Shein menambahkan bahasa yang lebih spesifik yang melarang kerja paksa dalam kontraknya tahun lalu, seperti melarang pemasok memungut biaya perekrutan atau mengharuskan pekerja untuk menyerahkan identitas mereka.

Ilustrasi Pekerja China.

Photo :
  • www.technologyreview.com

"Dengan menyeimbangkan pemulihan dan hukuman, kami telah mendukung pemasok kami dengan pelatihan untuk mengatasi risiko kepatuhan dalam operasi mereka, sembari mengambil langkah tegas namun perlu untuk mengakhiri hubungan kerja jika diperlukan," tulis Sky Xu, CEO Shein, dalam catatan di awal laporan.

Para pembuat undang-undang di Amerika Serikat berulang kali mengemukakan kekhawatiran tentang pelanggaran ketenagakerjaan di perusahaan-perusahaan Tiongkok yang menjual barang-barang kepada konsumen Amerika, karena PKT diketahui menggunakan kamp kerja paksa. 

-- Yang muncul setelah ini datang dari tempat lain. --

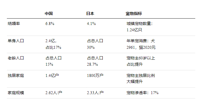 中國單身人口超2.4億,寵物數量突破1.24億隻,單寵消費持續提升。日本老齡化背景下,貓經濟快速崛起,進一步印證人口結構變化對寵物經濟需求的強勁拉動。

Dalam beberapa bulan terakhir, telah terkonfirmasi beberapa kasus kerja paksa di Tiongkok, demikian laporan The Epoch Times.

Undang-Undang Pencegahan Kerja Paksa Uighur (UFLPA) mulai berlaku pada tahun 2022, yang melarang impor produk kerja paksa. Nama undang-undang tersebut merujuk pada penganiayaan rezim Tiongkok terhadap etnis minoritas Uighur di wilayah Xinjiang.

Menurut laporan federal AS tahun 2022, wilayah Xinjiang, yang diketahui melibatkan kerja paksa, menyumbang 87 persen produksi kapas Tiongkok, sementara studi terkini menemukan bahwa kapas Xinjiang digunakan dalam 19 persen impor AS, naik dari 16 persen yang ditemukan dalam survei pihak ketiga pada tahun 2022.

Kelompok anggota parlemen bipartisan telah berulang kali meminta Shein untuk berbuat lebih banyak untuk memastikan perusahaan tidak mendapatkan keuntungan dari proyek kerja paksa PKT. 

Pengecer mode cepat Shein dan pasar daring Cina Temu telah menunjukkan bahwa UFLPA tidak berlaku untuk impor mereka karena paket yang dikirim dari Cina ke konsumen secara individual bernilai di bawah $800 dan tidak dikenakan pemeriksaan di perbatasan, demikian laporan The Epoch Times.

Shein, pada November tahun lalu, mengajukan IPO di AS, yang memicu seruan baru dari para legislator yang menuntut pengecer daring itu membuktikan bahwa mereka tidak mendapat keuntungan dari kerja paksa jika ingin go public di bursa saham AS.

Pada bulan Juni 2024, perusahaan mengajukan IPO di London secara rahasia, dan Senator AS Marc Rubio (R-Fla.), yang memperkenalkan UFLPA, mendesak anggota parlemen Inggris untuk menyelidiki perusahaan tersebut sebelum mengizinkannya go public, seperti dilansir The Epoch Times. 

Pejabat Inggris menyuarakan kekhawatiran anggota parlemen AS, seperti yang dilaporkan. "Yang jelas, jika ada perusahaan yang menggunakan kerja paksa dalam rantai pasokannya, perusahaan itu seharusnya tidak boleh berbisnis di Inggris sama sekali, tidak perlu dipertanyakan lagi di mana perusahaan itu terdaftar," kata Menteri Bisnis Inggris Jonathan Reynolds kepada stasiun radio berita digital Times Radio yang berkantor pusat di London.